Modern computational linguistics began with Chomsky (1957), and was initially dominated by the study of his ‘transformational’ grammars. These grammars involved two levels of analyses, a ‘deep structure’ meant to capture more-or-less simply the meaning of a sentence, and a ‘surface structure’ which reﬂects the actual way in which the sentence was constructed. The deep structure might be a clause in the active voice, ‘Sandy saw Sam,’ whereas the surface structure might involve the more complex passive voice, ‘Sam was seen by Sandy.’

Transformational grammars are computationally complex, and in the 1980s several linguists came to the conclusion that much simpler kinds of grammars could describe most syntactic phenomena, developing Generalized Phrase-Structure Grammars (Gazdar et al. 1985) and Uniﬁcation-based Grammars (Kaplan and Bresnan 1982, Pollard and Sag 1987, Shieber 1986).
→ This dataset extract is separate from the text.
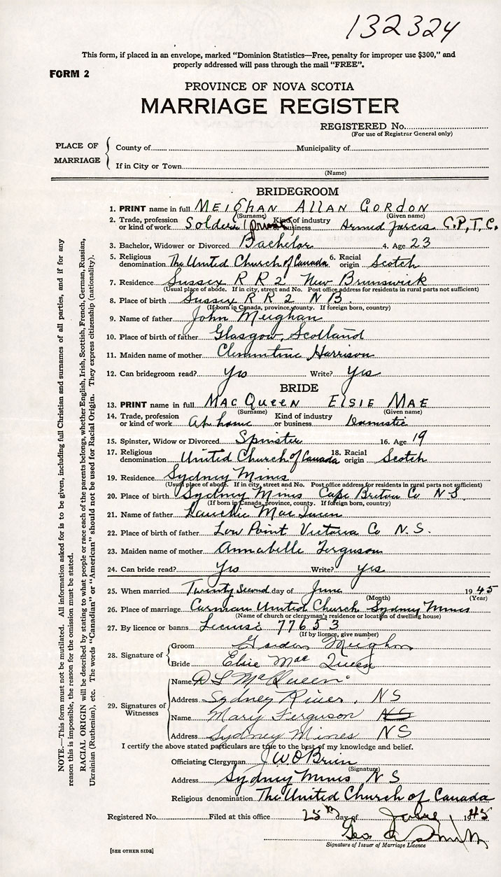 26. Place of marriage carman United Church Sydney Mines, Cape Breton County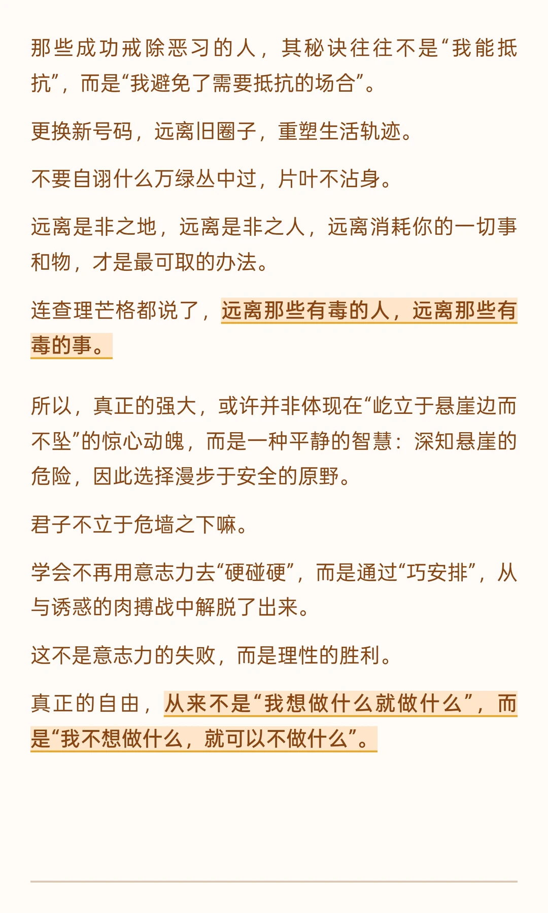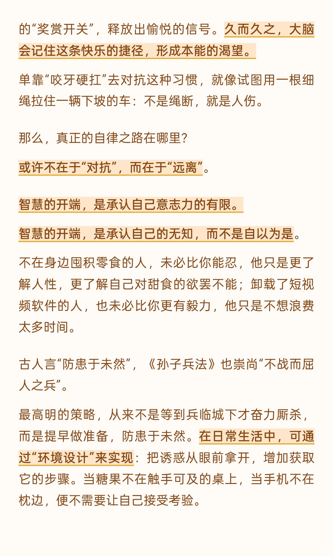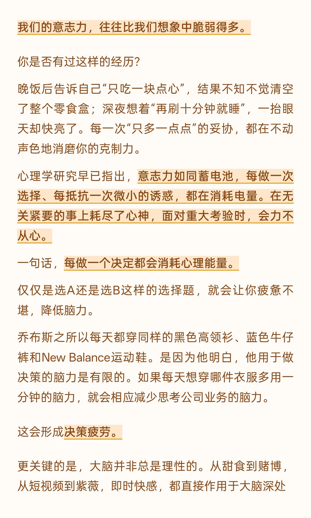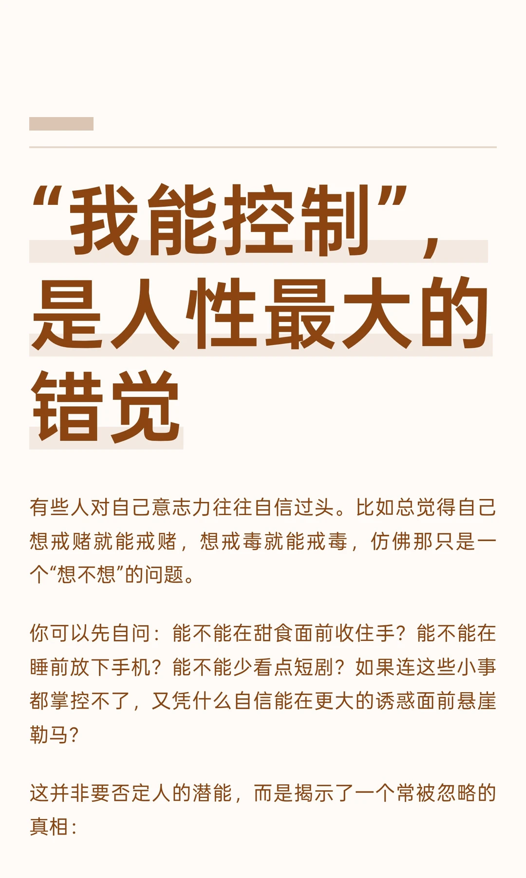 意志力比想象中脆弱,过度消耗会降低控制力。 通过远离诱惑、优化环境,减少决策疲劳,才能更有效地管理自己。 真正的自律在于避免诱惑,而非与之对抗。

These grammars generate surface structures directly; there is no separate deep structure and therefore no transformations. These kinds of grammars can provide very detailed syntactic and semantic analyses of sentences, but even today there are no comprehensive grammars of this kind that fully accommodate English or any other natural language.

Natural language processing using handcrafted grammars suﬀers from two major drawbacks. First, the syntactic coverage oﬀered by any available grammar is incomplete, reﬂecting both our lack of understanding of even relatively frequently occuring syntactic constructions and the organizational difﬁculty of manually constructing any artifact as complex as a grammar of a natural language. Second, such grammars almost always permit a large number of spurious ambiguities, that is, parses which are permitted by the rules of syntax but have unusual or unlikely semantic interpretations. For example, in the sentence ‘I saw the boat with the telescope,’ the prepositional phrase ‘with the telescope’ is most easily interpreted as the instrument used in seeing, while in ‘I saw the policeman with the riﬂe,’ the prepositional phrase usually receives a diﬀerent interpretation in which the policeman has the riﬂe. Note that the corresponding alternative interpretation is marginally accessible for each of these sentences: in the ﬁrst sentence one can imagine that the telescope is on the boat, and in the second, that the riﬂe (say, with a viewing scope) was used to view the policeman.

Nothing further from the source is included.